Clipping is distortion in the signal from the amplifier to the speaker that is caused when one or more of the waveforms that represent the many instruments and voices in a music signal are driven at levels to the speakers beyond maximum amplifier levels. Generally speaking, the amplifier gain is not properly set or the volume is too high.
The most common, and avoidable, form of amplifier clipping occurs when an audio amplifier is driven beyond its ability to generate sufficient voltage or current to reproduce the original signal to your speakers. The generated up and down voltage swing is limited at some maximum values in either direction and the resulting sound reaching the speakers is distorted.
Electric guitar players may overdrive guitar amplifiers intentionally to get a different sound, but clipping from your music amplifier changes the original material into something that just doesn’t sound good.
Short-term clipping is a result of insufficient peak power available. Some instruments and sounds take more energy to reproduce than others, they create a more dynamic waveform if viewed on an oscilloscope. Additionally, the volume at which an instrument is played relative to the other sound volumes in the passage can add to the energy requirement.
A cymbal crash is a good example of a dynamic sound wave.
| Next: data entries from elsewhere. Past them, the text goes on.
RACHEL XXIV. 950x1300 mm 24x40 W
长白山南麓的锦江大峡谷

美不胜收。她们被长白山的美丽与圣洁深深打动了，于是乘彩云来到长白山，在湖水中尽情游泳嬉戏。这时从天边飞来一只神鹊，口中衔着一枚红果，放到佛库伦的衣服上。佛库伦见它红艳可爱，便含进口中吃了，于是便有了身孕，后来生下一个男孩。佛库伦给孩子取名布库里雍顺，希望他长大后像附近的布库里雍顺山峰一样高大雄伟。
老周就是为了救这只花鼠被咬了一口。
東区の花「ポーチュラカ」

Its voltage waveform may rise well above the rest of the music’s waveform voltage peaks. If your amplifier has the peak power available, it will reproduce this cymbal sound accurately. If the amplifier peak power maxes out below the signal’s max voltage, then clipping results. Or, if the peak power is not generated fast enough, the signal may be distorted or clipped as well.
Long term clipping is a result of inadequate RMS or continuous power available for the volume setting. This condition may result due to an inadequate power match between the amplifier and the speakers and desired volume levels.
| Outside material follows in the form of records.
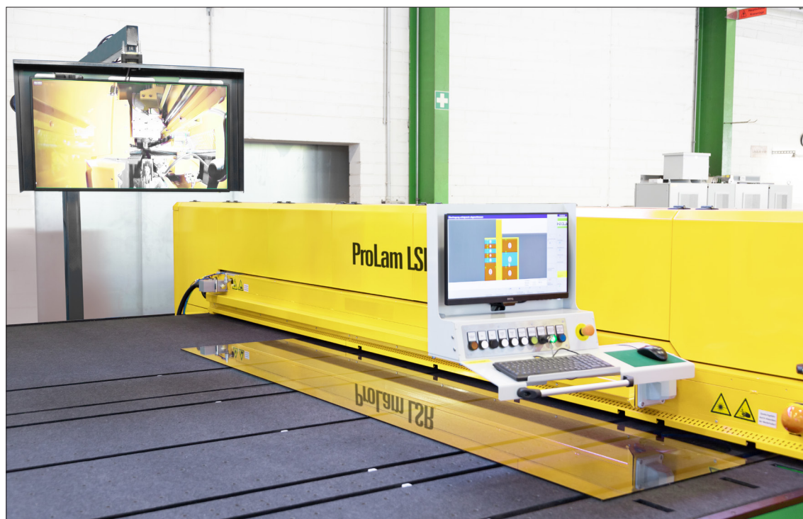
Die ProLam LSR von HEGLA erzielt mit der neuentwickelten Laserdioden-Heizung eine bis zu 20 % höhere Produktivität gemessen am Scheibendurchsatz.

Die inländische Bauwirtschaft hat hingegen der Covid-19-Krise bislang recht gut getrotzt und steht deutlich besser da als viele andere Wirtschaftszweige. Gegenläufig zum europäischen Trend nahmen die realen Bauinvestitionen 2020 um 1,9 % leicht zu (2019: + 3,8 %); im Wohnungsbau soll das Wachstum mit + 2,8 % noch etwas stärker ausgefallen sein (Quelle: Statistisches Bundesamt, Fachserie 18 Reihe 1.2: Volks-
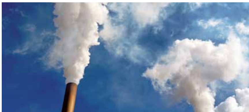
Industrija uzrokuje velika onečišćenja zraka

Unatoč tome, okoliš je područje koje se najteže može kontrolirati. Države članice mogu zajednički uživati u europskim prirodnim ljepotama, no moraju dijeliti i terete poput kiselih kiša, zagađene vode, onečišćenog zraka i odlaganja otpada. Kako su krajnji vremenski uvjeti sve češća pojava, to ujedno znači da klimatske promjene utječu na građane i politiku zaštite okoliša na svim razinama.
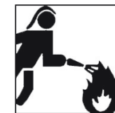
EN 15614:2007 A1 +A2

Die Buchstaben unten dem Piktogramm geben Ihnen Informationen über das Verfahren nach dem die Flammenausbreitung gemäß EN ISO 15025 geprüft wurde:
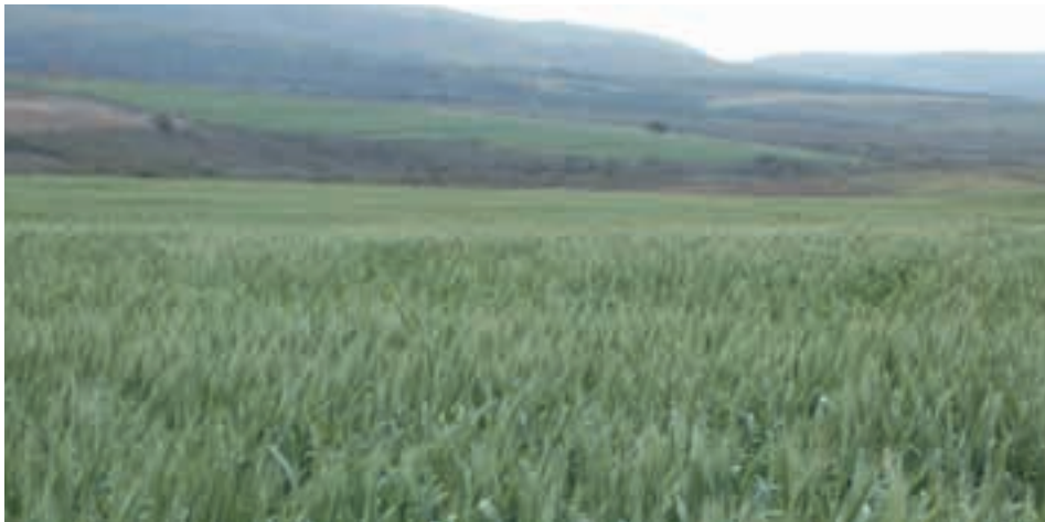
Dula o gopotše setšweletšwa sa gago sebopegong sa sona sa mafelelo ka mehla.
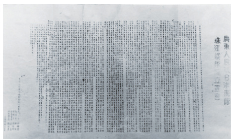
珠江纵队成立宣言

自珠江纵队第一支队成立后，由于正确地执行党的方针政策，坚持统一战线，团结爱国民众，赢得了多次战斗的胜利，活动范围不断扩大，武器装备不断改善，部队战斗力不断加强，在此恶劣的条件下巩固了五桂山区抗日根据地。至1945年3月，珠纵第一支队兵力扩充了一倍多。1945年5月开始，
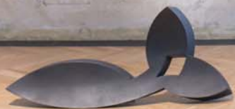
Femme couché, 2004
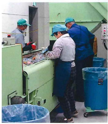
ペットボトル仕分け作業
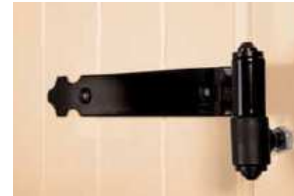
Diseño de la bisagra
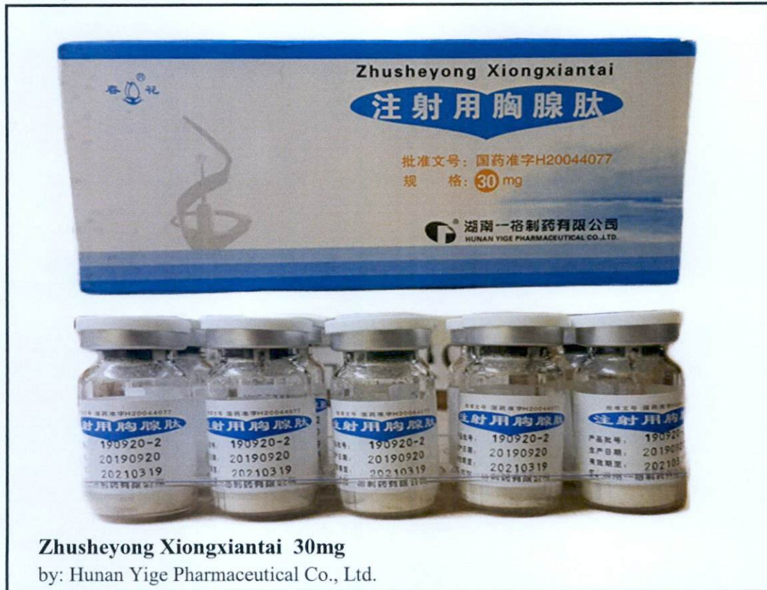
Larawan 4. Hindi rehistradong gamot

Napatunayan sa pamamagitan ng isinagawang Post-Marketing Surveillance (PMS) ng FDA na ang mga nasabing gamot ay hindi dumaan sa proseso ng rehistrasyon ng Ahensya at hindi nabigyan ng kaukulang awtorisasyon tulad ng Certificate of Product Registration (CPR). Dahil dito, hindi masisiguro ng Ahensya ang kalidad, kaligtasan at bisa nito. Samakatuwid, ang paggamit ng nasabing mga iligal na produkto ay maaaring magdulot ng panganib sa kalusugan.
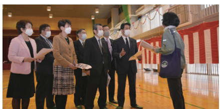
令和3年4月5日市内小学校の体育館エアコン設置状況を視察

私の公約の一つであった市内小中学校体育館へのエアコン設置について、国会議員と地方議員の公明党のネットワーク力を活かし実現。
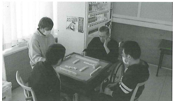
マージャン教室 真剣勝負！負けたくない
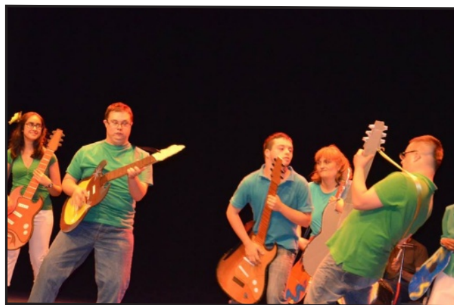
Grupo de Baile de Salón Los Girasoles

El 4 de junio, el Servicio de Ocio de la Fundación ADEMO celebró con gran éxito, su VII Festival Artístico Solidario en el Auditorio Monserrat Caballé de Arganda del Rey. Más de 300 espectadores llenaron el auditorio y disfrutaron de las actuaciones de los 40 artistas que componen los distintos grupos de baile del programa cultural.

Long-term clipping can result from extended amplifier play over several hours as well. Inadequate cooling in the amplifier may further limit the power available. Subwoofers can overheat if not chosen properly, clipping the sound in a similar distorted manner when they fail to completely follow the original waveform even if the amplifier signal is accurate. Be aware that additional energy is pushed through the speakers in this condition that generates more heat than correctly formed signals. Because of this problem, clipping may damage speakers due to overheating.
The solution to short and long term amplifier clipping due to insufficient power available to reach the desired volume level is to choose speakers that can reproduce the volumes desired (SPL) and then match the amplifier power needed to drive this speaker system. The amp should have sufficient excess power to reproduce short-term peak voltage spikes as well as providing the continuous power needed to avoid nearing its maximum RMS power rating. Higher quality amplifiers are built to provide peak power extremely fast to ensure accurate playback.
If you are experiencing clipping distortion with your current amp, you may need to buy a larger power amplifier or live with lower volume levels. But be sure the amplifier gain is properly adjusted before rushing to buy another amp. Proper gain setting is important to avoid clipping.
By properly selecting a system designed to work together with ample power to reproduce music at your desired listening volume without clipping, you ensure the cymbals and all other instruments are reproduced faithfully to the original production with a minimum of distortion and sound pleasing to the ear.